Recorded data:
○ ○ ○ ○ ○
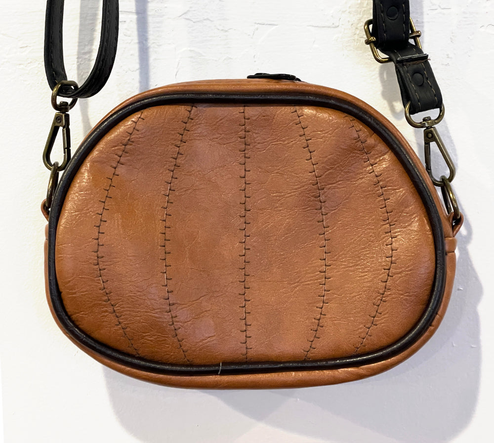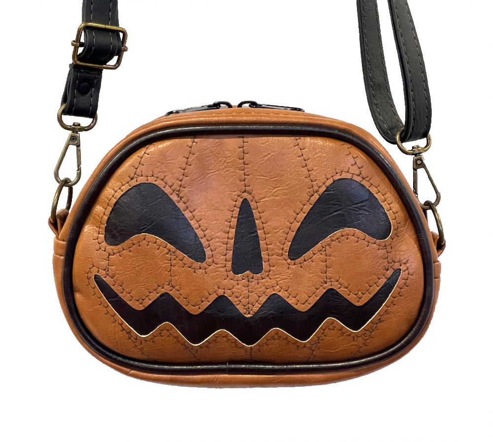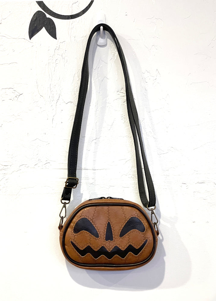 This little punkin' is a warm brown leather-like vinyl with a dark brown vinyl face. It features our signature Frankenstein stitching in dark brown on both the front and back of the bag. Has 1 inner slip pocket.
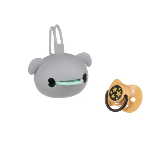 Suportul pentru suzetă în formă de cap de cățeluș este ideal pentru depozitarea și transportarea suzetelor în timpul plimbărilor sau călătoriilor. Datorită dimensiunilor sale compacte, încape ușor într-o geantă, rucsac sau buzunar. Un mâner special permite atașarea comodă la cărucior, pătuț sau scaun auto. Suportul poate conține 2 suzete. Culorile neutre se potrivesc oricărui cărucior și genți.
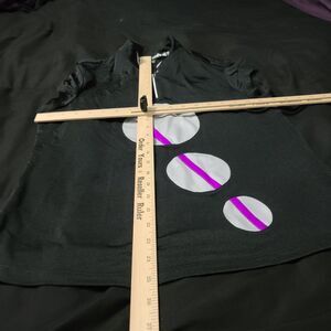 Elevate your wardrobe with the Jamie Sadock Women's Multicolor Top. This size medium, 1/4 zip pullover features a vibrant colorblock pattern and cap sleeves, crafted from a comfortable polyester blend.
○ ○ ○ ○ ○
Work order:
Return the material word for word. Pictures are not part of the copy.

Reply:
 This little punkin' is a warm brown leather-like vinyl with a dark brown vinyl face. It features our signature Frankenstein stitching in dark brown on both the front and back of the bag. Has 1 inner slip pocket.
 Suportul pentru suzetă în formă de cap de cățeluș este ideal pentru depozitarea și transportarea suzetelor în timpul plimbărilor sau călătoriilor. Datorită dimensiunilor sale compacte, încape ușor într-o geantă, rucsac sau buzunar. Un mâner special permite atașarea comodă la cărucior, pătuț sau scaun auto. Suportul poate conține 2 suzete. Culorile neutre se potrivesc oricărui cărucior și genți.
 Elevate your wardrobe with the Jamie Sadock Women's Multicolor Top. This size medium, 1/4 zip pullover features a vibrant colorblock pattern and cap sleeves, crafted from a comfortable polyester blend.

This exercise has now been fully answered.